Source data:
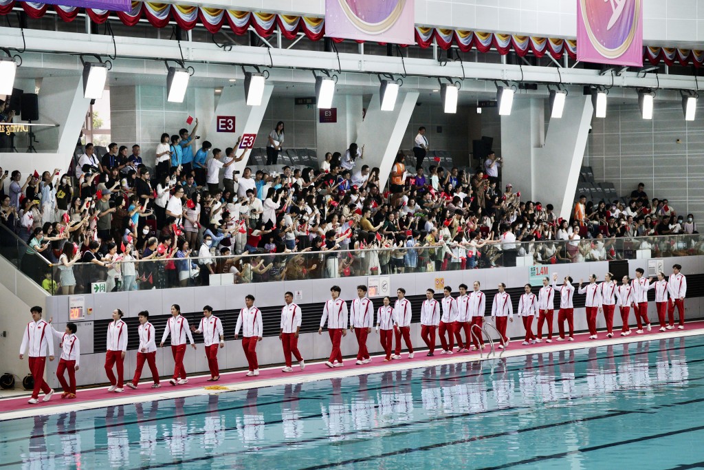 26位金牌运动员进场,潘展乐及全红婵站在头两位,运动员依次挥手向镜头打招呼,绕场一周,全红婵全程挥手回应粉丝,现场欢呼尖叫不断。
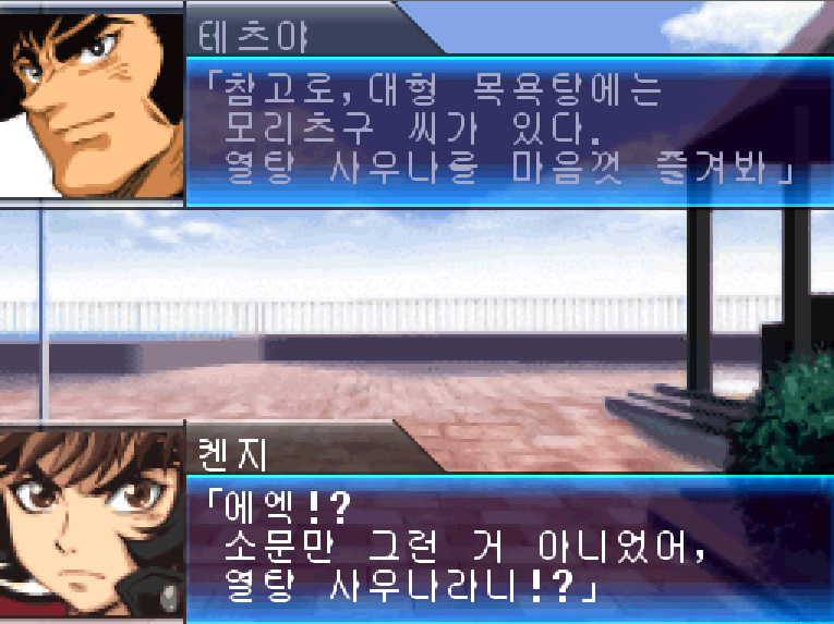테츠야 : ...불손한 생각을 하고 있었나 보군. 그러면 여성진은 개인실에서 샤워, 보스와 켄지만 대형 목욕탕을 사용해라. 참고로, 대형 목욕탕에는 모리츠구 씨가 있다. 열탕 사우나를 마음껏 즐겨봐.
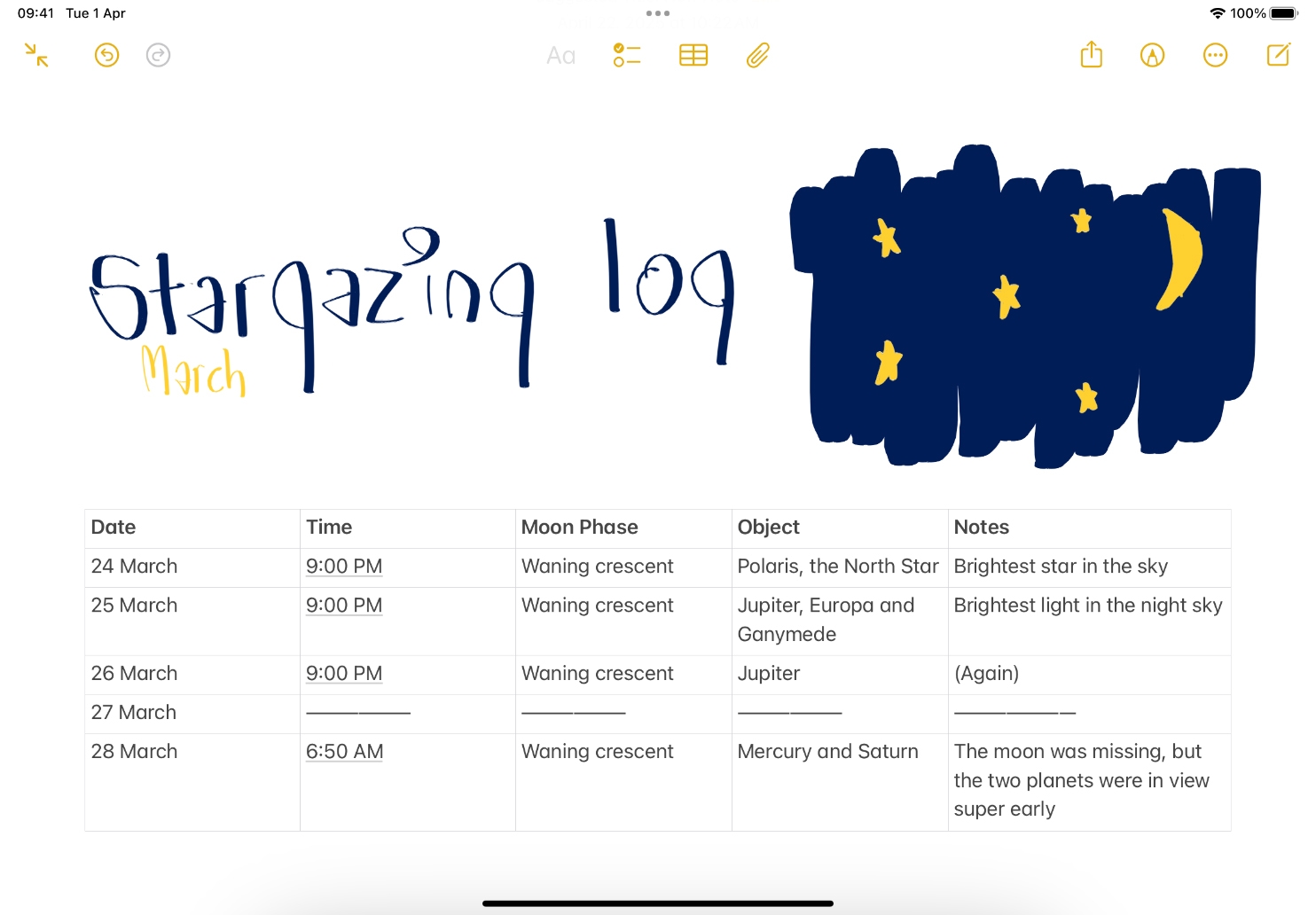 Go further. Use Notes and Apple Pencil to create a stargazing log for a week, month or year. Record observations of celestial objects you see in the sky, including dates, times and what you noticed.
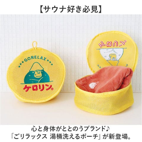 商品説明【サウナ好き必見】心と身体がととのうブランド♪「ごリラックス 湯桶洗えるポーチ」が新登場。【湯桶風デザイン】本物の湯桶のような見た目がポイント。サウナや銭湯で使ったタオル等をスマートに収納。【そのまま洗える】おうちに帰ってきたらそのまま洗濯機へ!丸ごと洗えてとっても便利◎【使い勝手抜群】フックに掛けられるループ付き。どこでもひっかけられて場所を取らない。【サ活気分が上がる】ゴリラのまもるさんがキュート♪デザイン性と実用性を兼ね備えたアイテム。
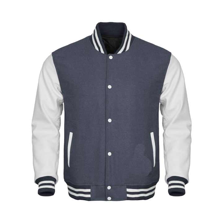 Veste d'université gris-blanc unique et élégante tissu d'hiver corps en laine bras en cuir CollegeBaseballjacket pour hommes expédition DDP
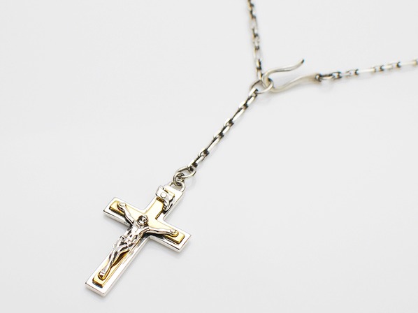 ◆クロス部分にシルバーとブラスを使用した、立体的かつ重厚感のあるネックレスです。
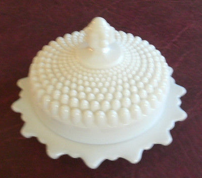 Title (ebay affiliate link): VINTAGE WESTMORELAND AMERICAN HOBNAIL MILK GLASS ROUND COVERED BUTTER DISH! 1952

## WHAT TO WORK ON
Write the records out in full, word for word; leave every picture behind.

## SOLUTION TO THE EXERCISE
 26位金牌运动员进场,潘展乐及全红婵站在头两位,运动员依次挥手向镜头打招呼,绕场一周,全红婵全程挥手回应粉丝,现场欢呼尖叫不断。
테츠야 : ...불손한 생각을 하고 있었나 보군. 그러면 여성진은 개인실에서 샤워, 보스와 켄지만 대형 목욕탕을 사용해라. 참고로, 대형 목욕탕에는 모리츠구 씨가 있다. 열탕 사우나를 마음껏 즐겨봐.
 Go further. Use Notes and Apple Pencil to create a stargazing log for a week, month or year. Record observations of celestial objects you see in the sky, including dates, times and what you noticed.
 商品説明【サウナ好き必見】心と身体がととのうブランド♪「ごリラックス 湯桶洗えるポーチ」が新登場。【湯桶風デザイン】本物の湯桶のような見た目がポイント。サウナや銭湯で使ったタオル等をスマートに収納。【そのまま洗える】おうちに帰ってきたらそのまま洗濯機へ!丸ごと洗えてとっても便利◎【使い勝手抜群】フックに掛けられるループ付き。どこでもひっかけられて場所を取らない。【サ活気分が上がる】ゴリラのまもるさんがキュート♪デザイン性と実用性を兼ね備えたアイテム。
 Veste d'université gris-blanc unique et élégante tissu d'hiver corps en laine bras en cuir CollegeBaseballjacket pour hommes expédition DDP
 ◆クロス部分にシルバーとブラスを使用した、立体的かつ重厚感のあるネックレスです。
 Title (ebay affiliate link): VINTAGE WESTMORELAND AMERICAN HOBNAIL MILK GLASS ROUND COVERED BUTTER DISH! 1952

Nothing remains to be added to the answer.